#### EXERCISE AIM:
Below is a block of entries; repeat exactly the lines starting at the line that contains "Quando o usuário" and ending at the line that contains "This elegant lds", both included.

#### EXTRACTED DATA:

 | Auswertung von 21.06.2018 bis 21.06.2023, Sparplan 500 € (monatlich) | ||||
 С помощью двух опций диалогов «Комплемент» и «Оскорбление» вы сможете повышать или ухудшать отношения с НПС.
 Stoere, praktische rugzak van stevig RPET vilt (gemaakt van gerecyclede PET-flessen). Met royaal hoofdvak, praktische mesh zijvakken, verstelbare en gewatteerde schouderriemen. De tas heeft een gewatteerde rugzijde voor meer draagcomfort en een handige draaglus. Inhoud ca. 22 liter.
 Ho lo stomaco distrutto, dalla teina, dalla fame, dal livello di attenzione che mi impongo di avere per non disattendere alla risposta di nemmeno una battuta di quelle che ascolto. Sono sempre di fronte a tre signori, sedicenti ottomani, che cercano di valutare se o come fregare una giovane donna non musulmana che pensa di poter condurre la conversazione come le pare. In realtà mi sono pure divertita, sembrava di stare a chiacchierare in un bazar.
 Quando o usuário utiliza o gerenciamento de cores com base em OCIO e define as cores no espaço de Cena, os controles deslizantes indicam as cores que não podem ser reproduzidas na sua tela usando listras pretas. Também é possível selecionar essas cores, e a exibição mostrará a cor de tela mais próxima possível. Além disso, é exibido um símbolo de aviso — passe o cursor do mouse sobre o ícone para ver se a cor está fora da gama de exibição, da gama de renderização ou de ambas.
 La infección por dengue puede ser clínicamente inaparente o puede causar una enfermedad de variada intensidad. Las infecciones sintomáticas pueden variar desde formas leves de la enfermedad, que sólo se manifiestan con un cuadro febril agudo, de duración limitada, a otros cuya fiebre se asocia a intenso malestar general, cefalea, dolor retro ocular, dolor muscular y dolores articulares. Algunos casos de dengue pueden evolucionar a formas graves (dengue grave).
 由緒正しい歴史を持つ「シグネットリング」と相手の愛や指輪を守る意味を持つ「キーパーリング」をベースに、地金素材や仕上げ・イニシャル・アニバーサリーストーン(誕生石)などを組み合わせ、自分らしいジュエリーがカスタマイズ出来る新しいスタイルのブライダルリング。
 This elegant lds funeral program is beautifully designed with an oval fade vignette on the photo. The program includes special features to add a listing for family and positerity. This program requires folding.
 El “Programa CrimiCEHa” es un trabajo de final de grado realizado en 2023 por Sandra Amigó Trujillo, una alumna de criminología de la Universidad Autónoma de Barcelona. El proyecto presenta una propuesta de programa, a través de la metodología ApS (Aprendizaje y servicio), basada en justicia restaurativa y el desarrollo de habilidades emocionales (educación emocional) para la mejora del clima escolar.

* * *

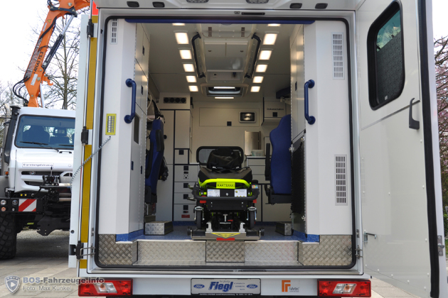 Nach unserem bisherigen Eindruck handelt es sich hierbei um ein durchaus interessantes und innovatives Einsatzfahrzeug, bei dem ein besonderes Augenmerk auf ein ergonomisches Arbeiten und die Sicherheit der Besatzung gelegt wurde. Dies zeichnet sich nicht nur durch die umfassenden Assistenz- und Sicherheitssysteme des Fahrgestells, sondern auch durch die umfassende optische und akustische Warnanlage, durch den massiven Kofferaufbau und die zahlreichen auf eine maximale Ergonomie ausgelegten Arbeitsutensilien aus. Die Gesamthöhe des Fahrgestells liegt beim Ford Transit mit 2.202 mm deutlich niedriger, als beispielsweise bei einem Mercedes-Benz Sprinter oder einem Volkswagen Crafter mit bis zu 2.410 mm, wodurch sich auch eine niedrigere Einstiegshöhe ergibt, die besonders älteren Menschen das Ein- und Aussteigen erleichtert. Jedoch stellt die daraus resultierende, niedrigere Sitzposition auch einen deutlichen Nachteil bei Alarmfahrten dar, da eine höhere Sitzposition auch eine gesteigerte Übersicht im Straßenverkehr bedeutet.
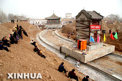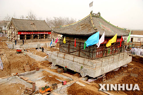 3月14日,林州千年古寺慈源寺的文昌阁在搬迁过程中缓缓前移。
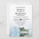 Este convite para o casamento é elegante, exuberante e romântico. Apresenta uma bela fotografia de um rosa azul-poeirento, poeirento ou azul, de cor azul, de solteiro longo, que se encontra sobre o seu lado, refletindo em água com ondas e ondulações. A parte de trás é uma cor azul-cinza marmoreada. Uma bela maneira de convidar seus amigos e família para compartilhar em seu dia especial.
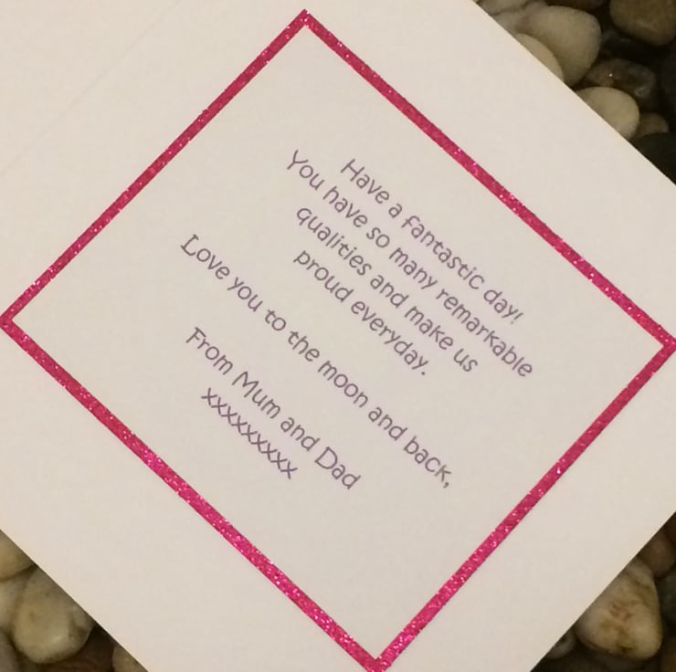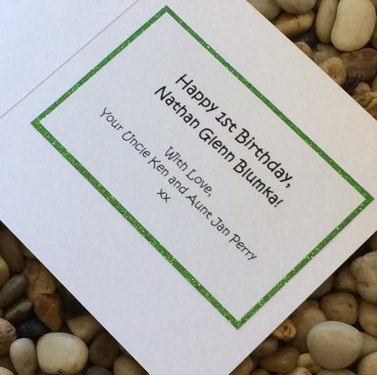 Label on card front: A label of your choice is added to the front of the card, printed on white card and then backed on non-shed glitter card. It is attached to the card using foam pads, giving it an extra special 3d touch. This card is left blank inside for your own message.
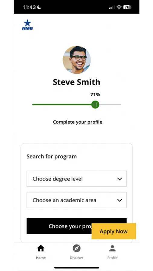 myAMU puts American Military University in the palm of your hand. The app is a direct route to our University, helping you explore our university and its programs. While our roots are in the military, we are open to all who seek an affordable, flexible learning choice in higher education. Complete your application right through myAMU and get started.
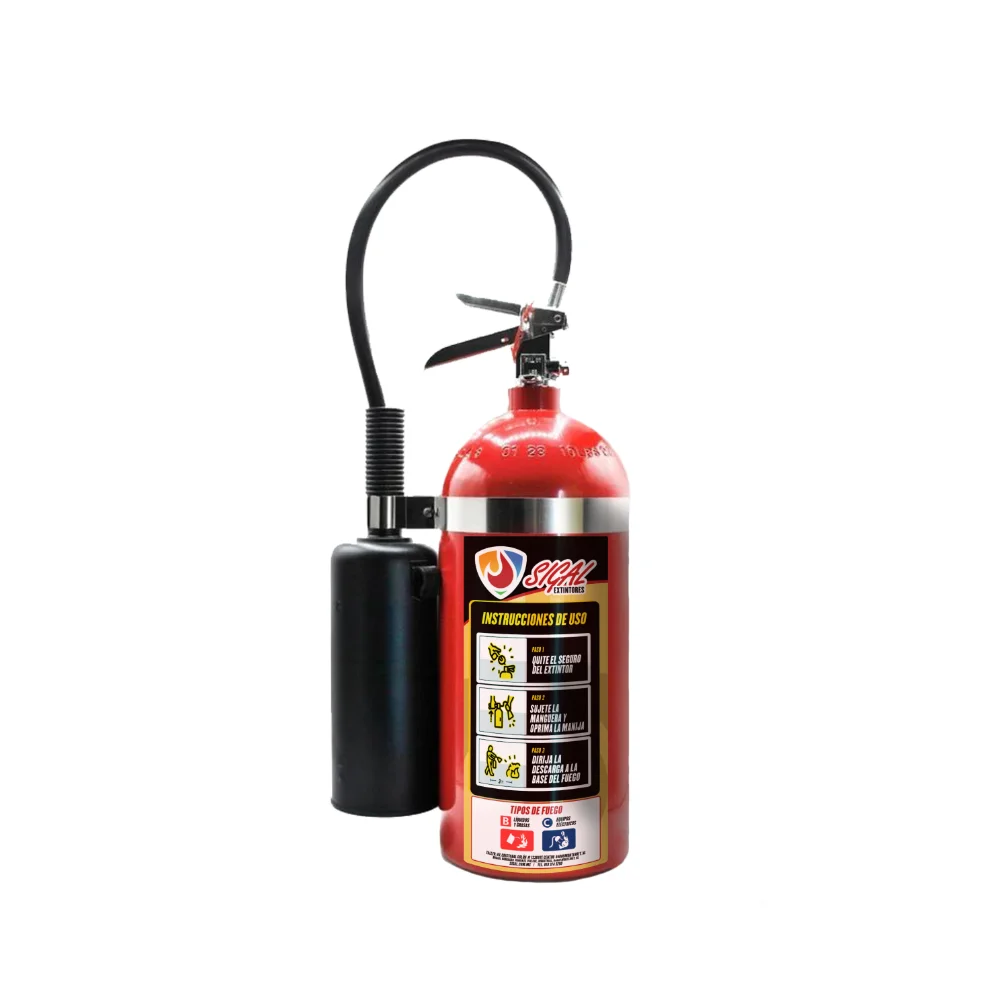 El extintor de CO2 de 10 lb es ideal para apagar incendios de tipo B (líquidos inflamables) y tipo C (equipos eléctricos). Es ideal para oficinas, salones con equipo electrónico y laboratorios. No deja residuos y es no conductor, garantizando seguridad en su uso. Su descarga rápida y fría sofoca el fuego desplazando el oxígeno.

--

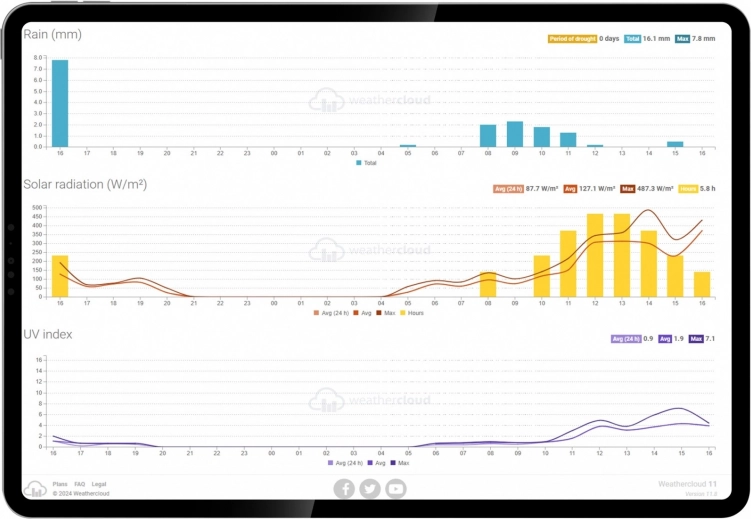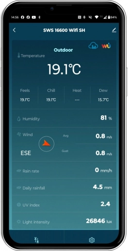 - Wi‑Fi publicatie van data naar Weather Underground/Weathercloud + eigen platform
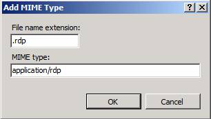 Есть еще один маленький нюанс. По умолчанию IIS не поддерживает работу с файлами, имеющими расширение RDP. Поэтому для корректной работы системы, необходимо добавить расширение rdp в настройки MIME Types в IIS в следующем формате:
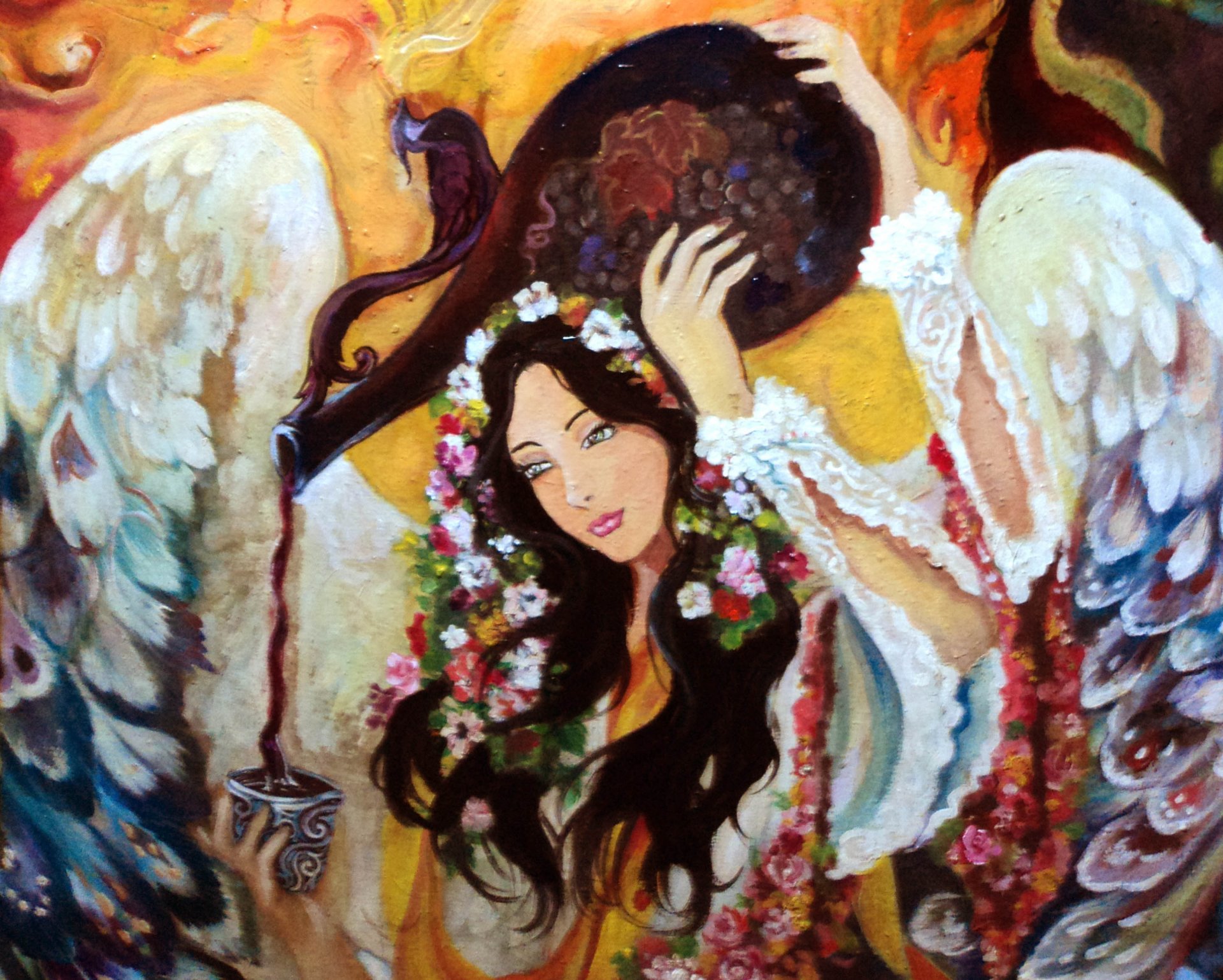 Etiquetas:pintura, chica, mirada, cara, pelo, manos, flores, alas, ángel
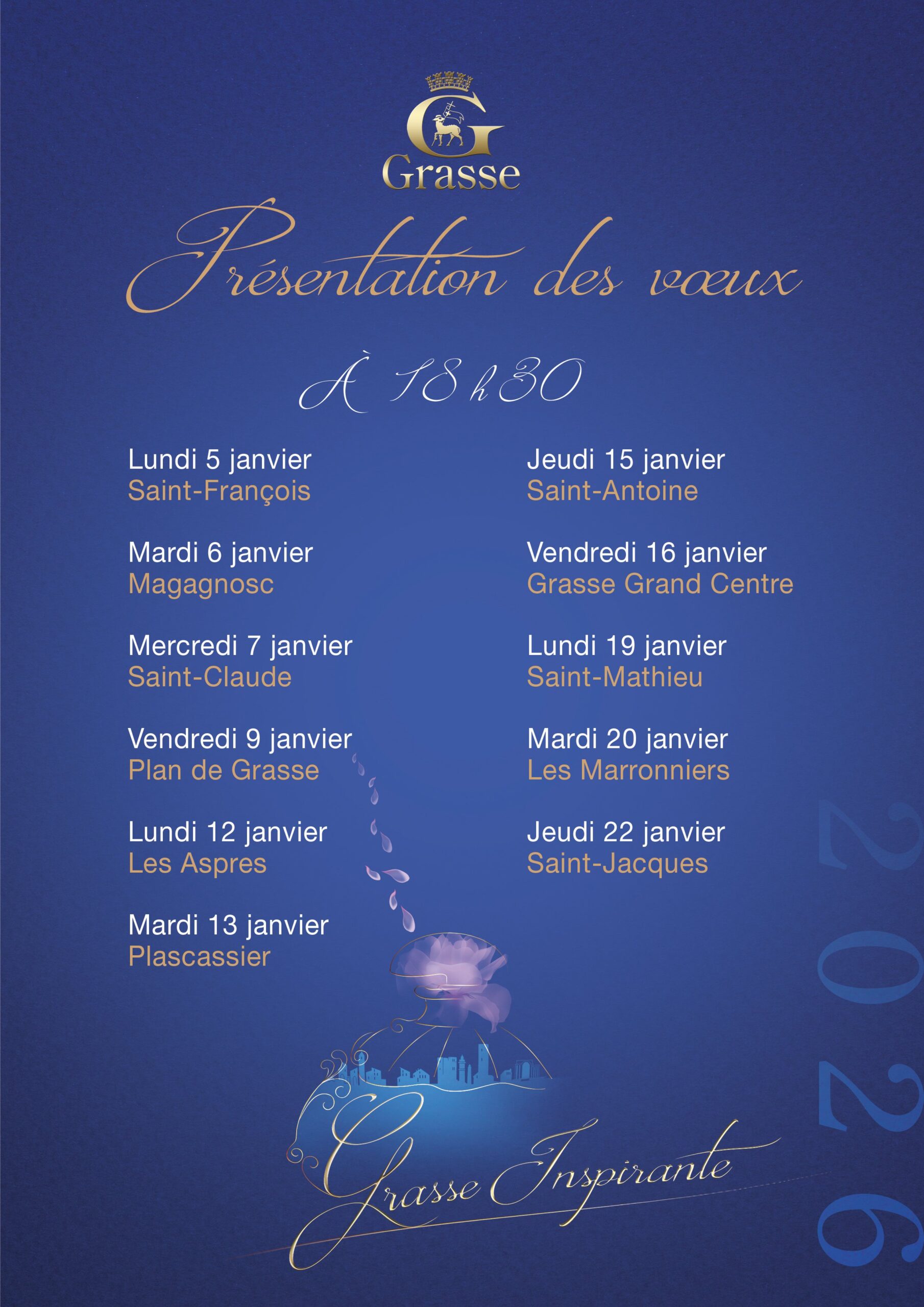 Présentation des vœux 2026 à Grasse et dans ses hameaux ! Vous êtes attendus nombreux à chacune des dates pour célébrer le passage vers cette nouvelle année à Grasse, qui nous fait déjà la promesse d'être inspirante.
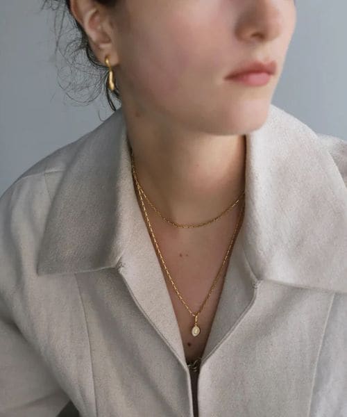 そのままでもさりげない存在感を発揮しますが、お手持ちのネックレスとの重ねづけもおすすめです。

#### ANSWER FOR THIS EXERCISE:
 Quando o usuário utiliza o gerenciamento de cores com base em OCIO e define as cores no espaço de Cena, os controles deslizantes indicam as cores que não podem ser reproduzidas na sua tela usando listras pretas. Também é possível selecionar essas cores, e a exibição mostrará a cor de tela mais próxima possível. Além disso, é exibido um símbolo de aviso — passe o cursor do mouse sobre o ícone para ver se a cor está fora da gama de exibição, da gama de renderização ou de ambas.
 La infección por dengue puede ser clínicamente inaparente o puede causar una enfermedad de variada intensidad. Las infecciones sintomáticas pueden variar desde formas leves de la enfermedad, que sólo se manifiestan con un cuadro febril agudo, de duración limitada, a otros cuya fiebre se asocia a intenso malestar general, cefalea, dolor retro ocular, dolor muscular y dolores articulares. Algunos casos de dengue pueden evolucionar a formas graves (dengue grave).
 由緒正しい歴史を持つ「シグネットリング」と相手の愛や指輪を守る意味を持つ「キーパーリング」をベースに、地金素材や仕上げ・イニシャル・アニバーサリーストーン(誕生石)などを組み合わせ、自分らしいジュエリーがカスタマイズ出来る新しいスタイルのブライダルリング。
 This elegant lds funeral program is beautifully designed with an oval fade vignette on the photo. The program includes special features to add a listing for family and positerity. This program requires folding.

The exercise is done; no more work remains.